Schaeffer stared at Rivas, then at me. Maybe he remembered what my mouth had looked like after I accidentally hit it on the door last time Rivas wanted a few minutes, that night at Sheff Construction. Or maybe Schaeffer was just pissed off because his sinuses felt like a worn-out transmission and the Hilton was out of Red Zinger. Whatever it was, he made a decision.
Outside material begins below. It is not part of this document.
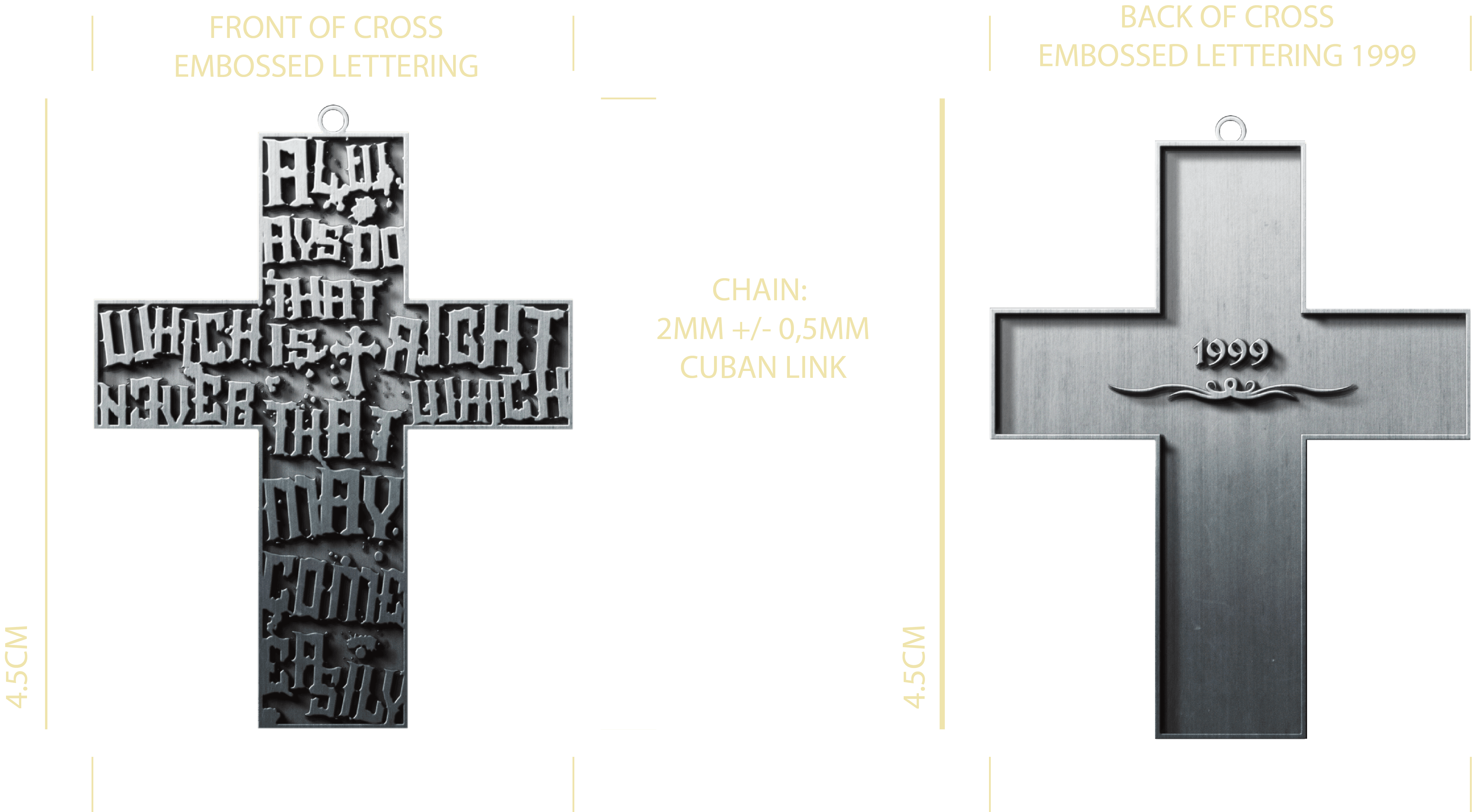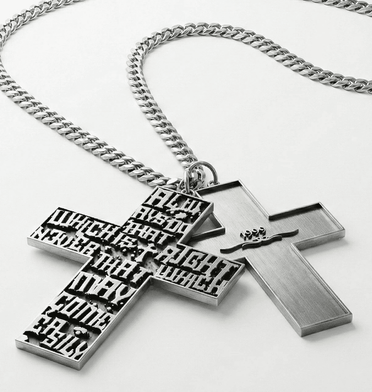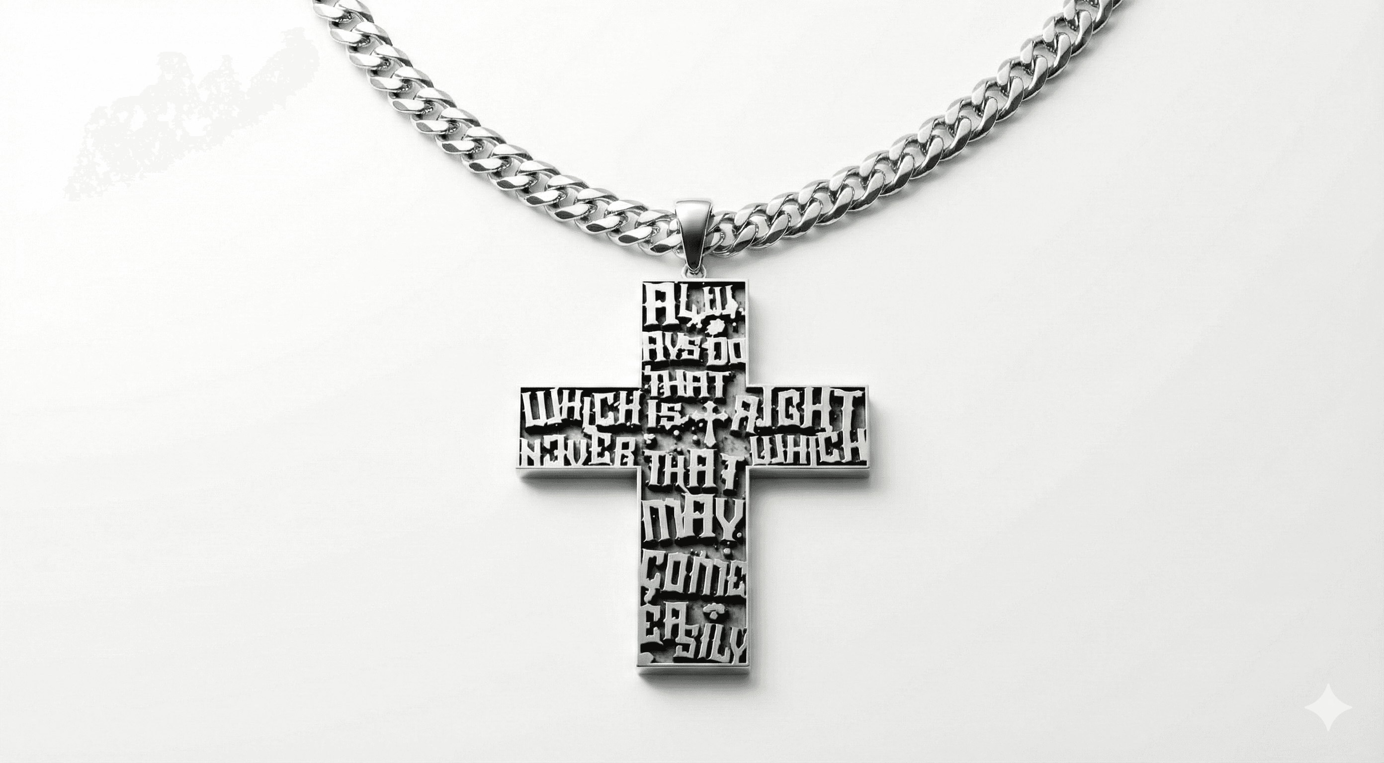 Necklace with typographic cross pendant "Always do that which is right never that which may come easily"

"I got a better idea," he told Rivas. "You could explain what you’re doing in my homicide investigations. All my homicide investigations?

Rivas glanced at his audience. When he spoke to Schaeffer again, it was much more polite. And much colder.

“Maybe we could discuss this outside," he said.

“That’s a good idea," Schaeffer said. "You go ahead. I’ll be out as soon as I send these people home."

Rivas got up. “Send them where?"

All of a sudden Schaeffer looked much better. I guess the Sudafed had kicked in. He shook Counselor Hass’s hand.

“Danm fine work, Counselor. Y’all stay in town, but that’s it for tonight?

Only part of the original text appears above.